Some hierarchy is inevitable and desirable between friends or in the home. But for close relationships, less hierarchy is better for most people because it is through egalitarian relationships that we learn the most about ourselves and each other, and it is in these sorts of relationships that we develop the most.

In hierarchical societies, generally speaking the person who is higher up decrees the resolution to all ambiguities. Do what the boss says. Just do what you’re told. She’s in charge. He is infallible, etc.

One reason hierarchies get away with decrees like that is it would simply take far too much time to resolve every ambiguity in a perfectly egalitarian way. Thus, almost all humans today are well-adapted to living in hierarchies. I am sort of OK with that in many professional and business contexts.

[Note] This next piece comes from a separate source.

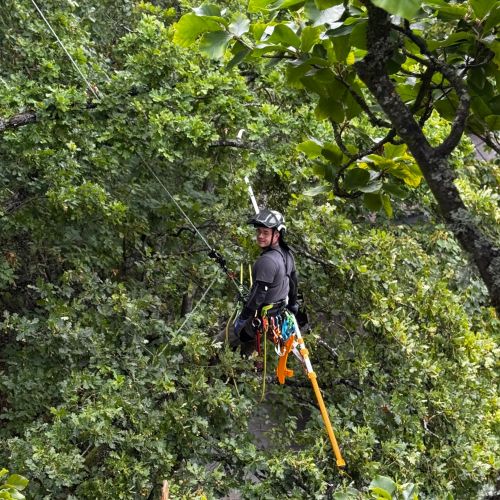 Bei statischen Schwächen, Zwieselbildungen oder erhöhten Lastsituationen setzen wir dynamische oder statische Kronensicherungen ein. Diese Maßnahmen dienen der Risikominimierung und dem Erhalt wertvoller Bäume, ohne deren natürliche Bewegung unnötig einzuschränken.

Where I am not OK with it is between close friends or couples, except for a little bit here and there depending on context (for example, one partner has special knowledge or experience the other doesn’t have). I suppose many people are very content living in a hierarchy in their own home, but that’s not for me. I don’t want my partner obeying me or being afraid of me and I don’t want to obey or be afraid of her either.

From this small potato example, I hope readers will be able to extrapolate to the formations of social groups. Surely social groups formed in many places at many different times. As history moved forward in time, less well-adapted groups were dominated by groups that were better adapted. And that is why the world is run by hierarchies almost everywhere.

One consequence of this is it affects the individual psychology of all of us who live in hierarchical societies. This may make us intolerant of ambiguity. It may make us view our private lives through hierarchical lenses. Without FIML, our massive training in hierarchical systems will lead to confusion and suffering in our private lives. The inevitable ambiguity will eat away at us if we have no way to fully deal with it.

Another consequence of living in hierarchical societies is people who for one reason or another don’t quite understand the rules will often be judged as mentally ill, dangerous, trouble-makers, outlaws, and so on. In very rigid societies you can be sent to a gulag or be burned at the stake for not conforming. In less rigid societies, you will be fired or ostracized.